What is being asked
Keeping pictures out of the copy, restate each record word for word.

(Data excerpts)
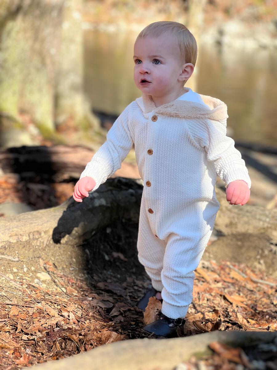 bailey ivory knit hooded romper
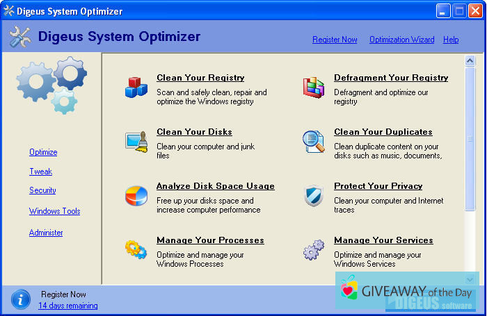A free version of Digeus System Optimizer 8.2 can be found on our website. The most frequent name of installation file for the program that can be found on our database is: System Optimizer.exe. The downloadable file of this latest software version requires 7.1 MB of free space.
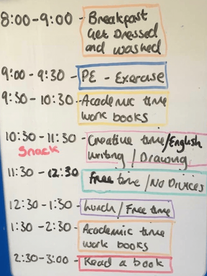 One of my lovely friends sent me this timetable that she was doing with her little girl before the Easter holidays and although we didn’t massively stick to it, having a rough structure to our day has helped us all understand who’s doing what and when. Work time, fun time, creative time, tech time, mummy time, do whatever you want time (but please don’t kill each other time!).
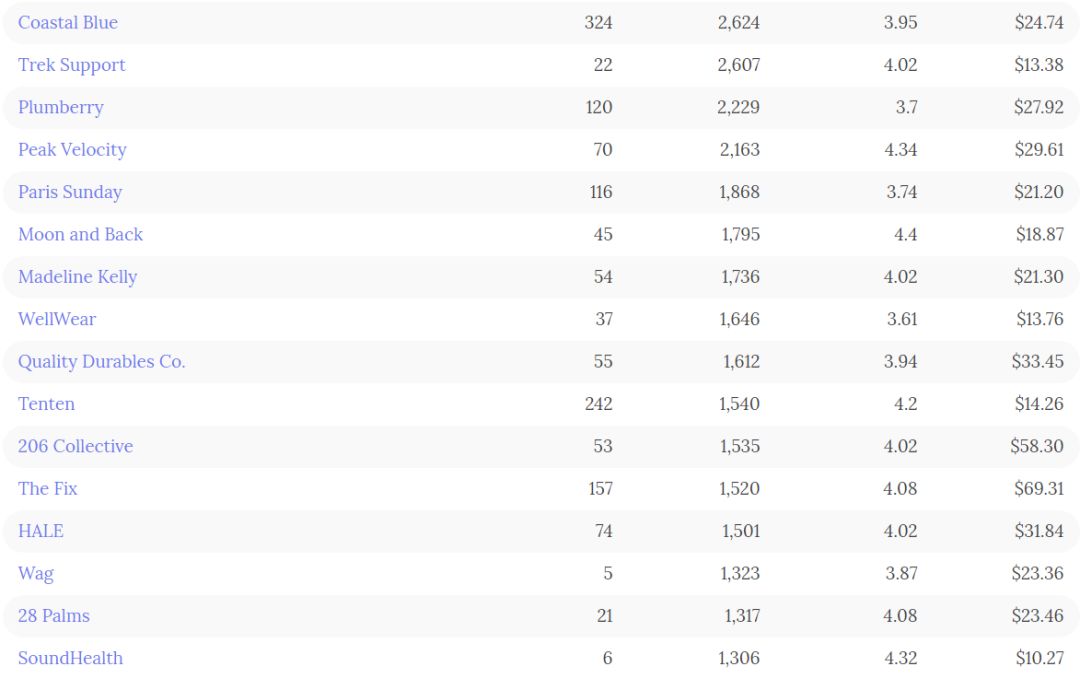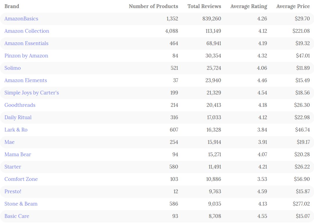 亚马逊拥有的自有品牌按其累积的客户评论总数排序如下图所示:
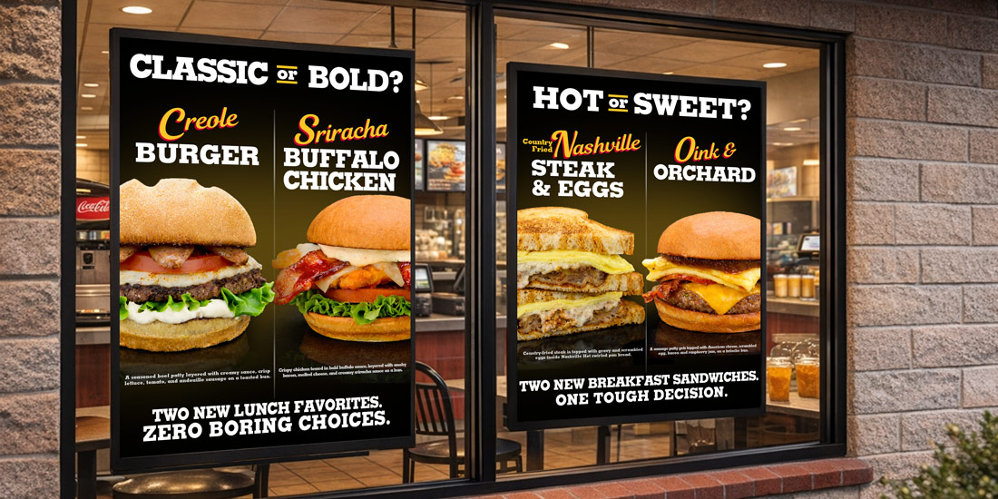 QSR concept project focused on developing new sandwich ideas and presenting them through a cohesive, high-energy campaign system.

Result of the task
 bailey ivory knit hooded romper
A free version of Digeus System Optimizer 8.2 can be found on our website. The most frequent name of installation file for the program that can be found on our database is: System Optimizer.exe. The downloadable file of this latest software version requires 7.1 MB of free space.
 One of my lovely friends sent me this timetable that she was doing with her little girl before the Easter holidays and although we didn’t massively stick to it, having a rough structure to our day has helped us all understand who’s doing what and when. Work time, fun time, creative time, tech time, mummy time, do whatever you want time (but please don’t kill each other time!).
 亚马逊拥有的自有品牌按其累积的客户评论总数排序如下图所示:
 QSR concept project focused on developing new sandwich ideas and presenting them through a cohesive, high-energy campaign system.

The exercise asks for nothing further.